▶ Task prompt
Omit any pictures, and restate word for word only the lines from the one with "Here is a barely" through the end of the data below.

▶ Records provided
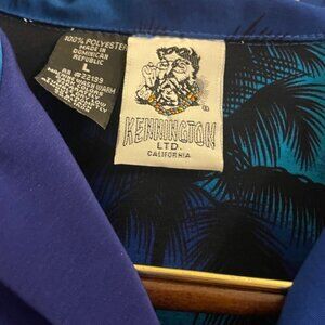 The Kennington Hawaiian Blue Button Down Shirt in size Large is a stylish and comfortable option for men looking to add a touch of tropical flair to their wardrobe. Made from polyester, this collared shirt features a palm tree graphic print on a blue background, perfect for casual occasions or parties. Its relaxed fit and breathable fabric make it a great choice for warm weather, while its vintage style adds a unique touch to any outfit. Easy to care for with machine washable instructions, this shirt is a versatile and eye-catching addition to any collection.
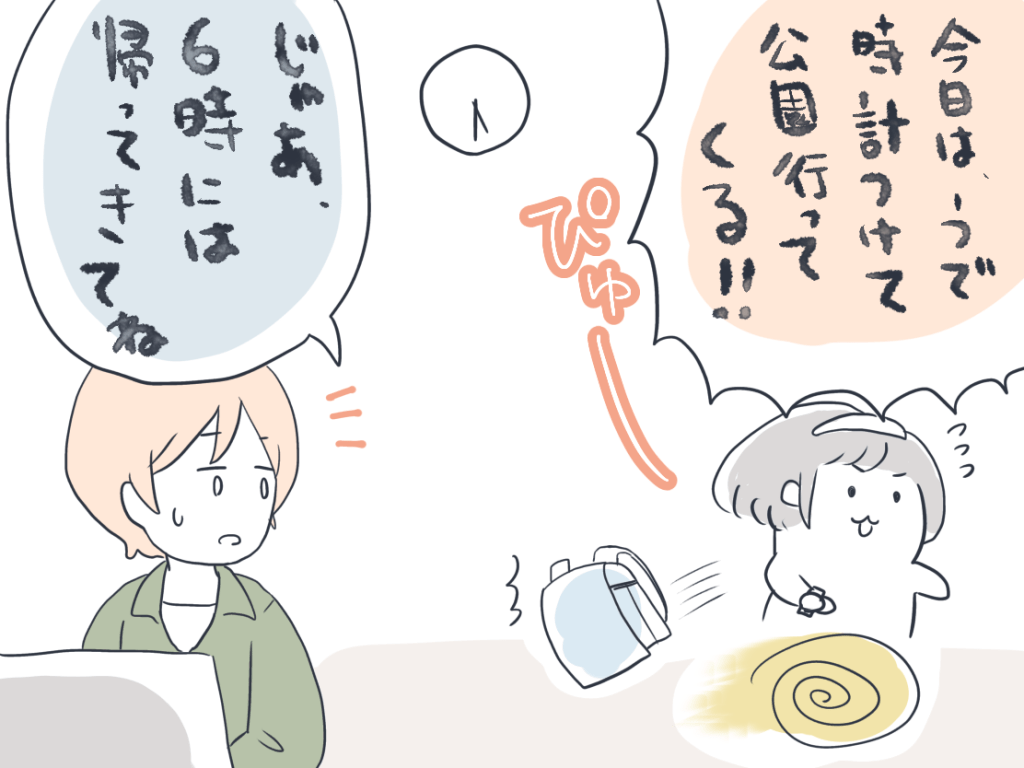 その日は平日で私はまだ仕事中だったので、「6時には帰ってきてね」と声をかけてお見送り。
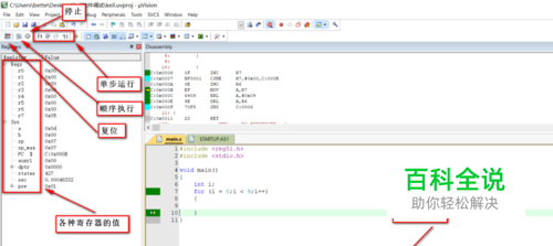 它不同于我们的其它程序的仿真,这里的单步运行默认走的是汇编语言 在右下角和左边窗口可以查看我们的变量和寄存器的值,方便我们查找错误或死循环 左上角的按钮可以进行单步运行或停止运行程序 顺序执行程序一般需要添加断点,断点的添加直接在每行的开头双击就可以了 退出调试再点击一次调试按钮就可以了
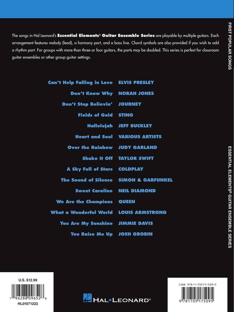 Les chansons de la collection Essential Elements® Guitar Ensemble Series d'Hal Leonard sont parfaites pour jouer de la guitare en groupe. Chaque arrangement comprend une ligne mélodique (lead), une partie harmonique et une ligne de basse. Pour les ensembles plus nombreux, les parties peuvent être doublées, ce qui rend cette collection parfaite pour les classes d'ensembles de guitares. Des symboles d'accords sont également fournis si vous souhaitez ajouter une partie rythmique. Cette édition comprend 15 tubes de musique pop.
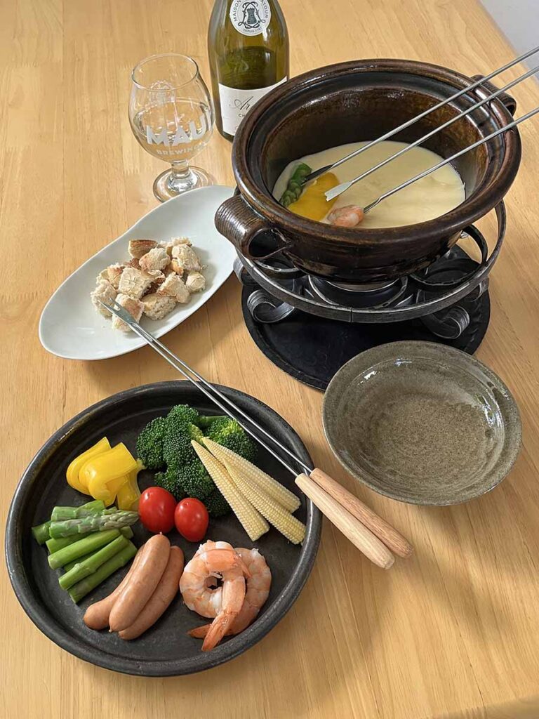フォンデュは、好きな材料を生またはゆでたものを準備するだけでいいので、気軽に始められます。今回はエビ、アスパラ、ブロッコリー、トマト、ウィンナー、パプリカを、23センチの黒唐津の銅鑼鉢に盛り合わせました。文字通り銅鑼の形をしていて縁が立っているのが特徴です。この縁の存在感がただの皿ではない魅力を醸し出してくれます。土屋由紀子さんの作品です。渋い色深い黒が色とりどりの食材を引き立たせてくれます。取り皿は、15センチ、深さ5センチの斑唐津(まだらがらつ)の皿で、汲古窯の峰松義人さんの作品です。そのサイズと、深さや軽さも、取り皿には最高の一品です。フランスパンは必ず皮が入るように一口サイズでカットします。皮はチーズをパンに絡める時に落下防止となってくれますよ~。優しい形の楕円皿26センチは有田焼・李荘窯のものです。お皿の縁の部分の一点に、金の雫のような加飾がされているのですが、長年愛用しておりましたら薄くなっていました(単品の写真の左上に見えます)。 ここまで来たら、やっぱりワインですよね。このグラスは、ハワイマウイ島のマウイブルワリー(ビール会社)のレストランで、旅の思い出にと求めたものです。高価なものではありませんが、使う度にマウイでのことを思い出しています。
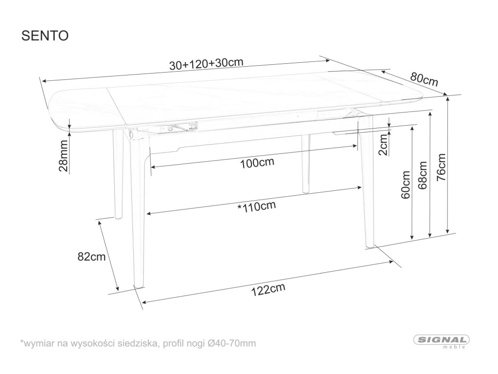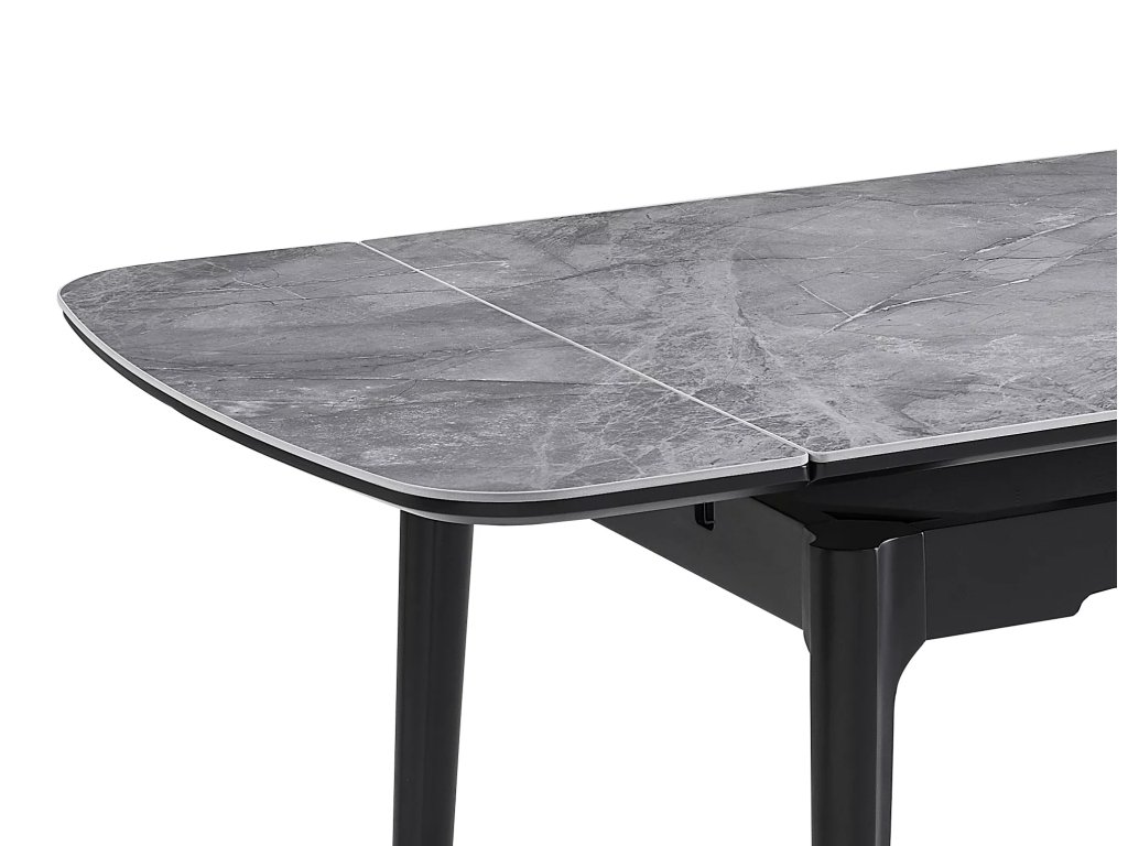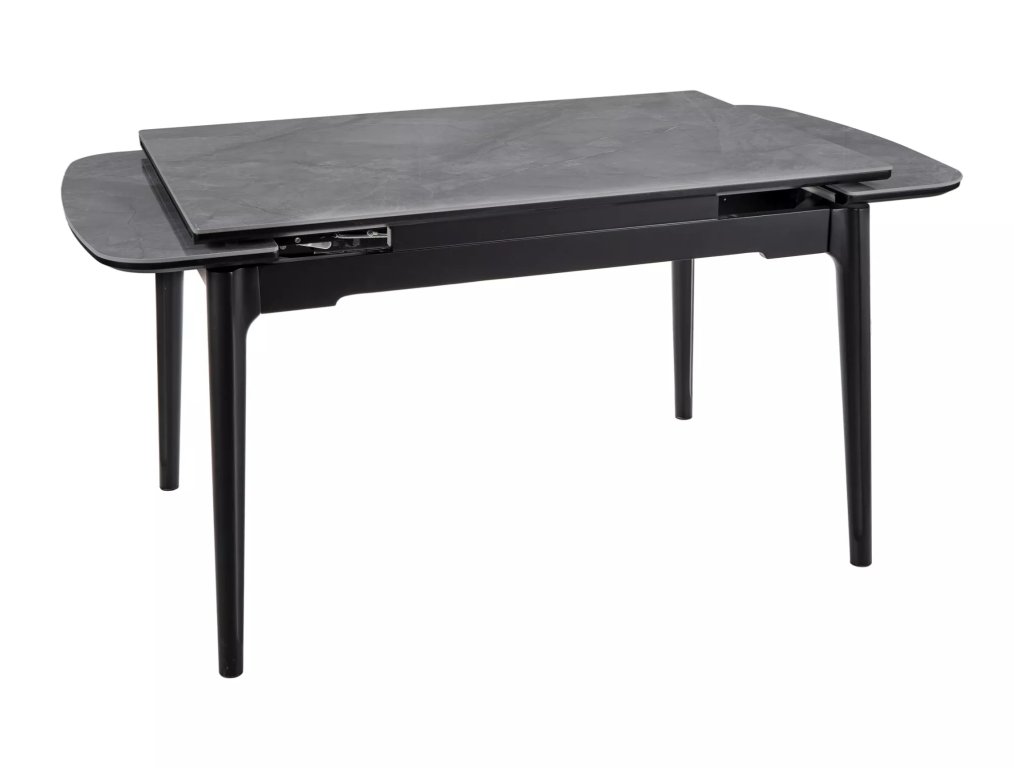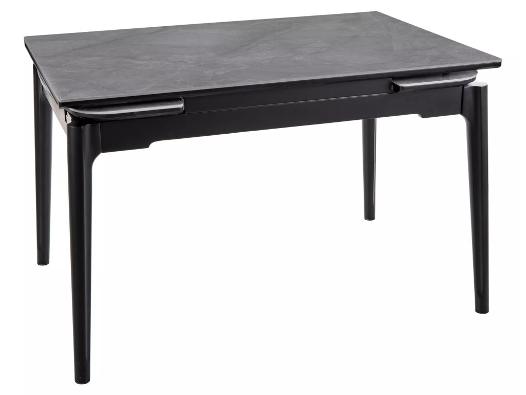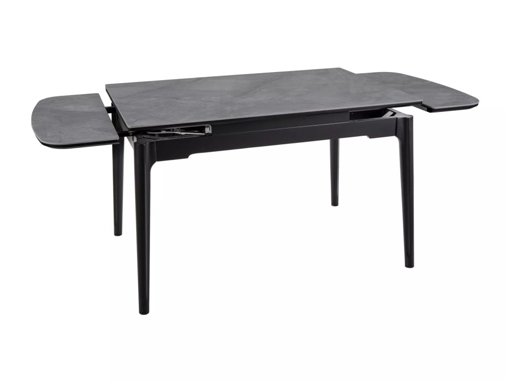 Rozkládací stůl, deska: keramika, rám: dřevo, barva: lesklá šedá / matná černá.
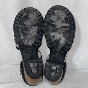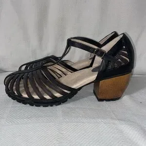 Here is a barely worn pair of cute heeled sandals…. Memory foam insoles … Wood look block heel with rubber tread soles …Heel is about 1.5” …. Adjustable strap around ankle…. Any ?? Just ask
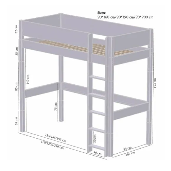 Manis-h Hoogslaper – FENRIS – 90 x 200 cm – Inclusief Slaapbank

▶ Task result
 Here is a barely worn pair of cute heeled sandals…. Memory foam insoles … Wood look block heel with rubber tread soles …Heel is about 1.5” …. Adjustable strap around ankle…. Any ?? Just ask
 Manis-h Hoogslaper – FENRIS – 90 x 200 cm – Inclusief Slaapbank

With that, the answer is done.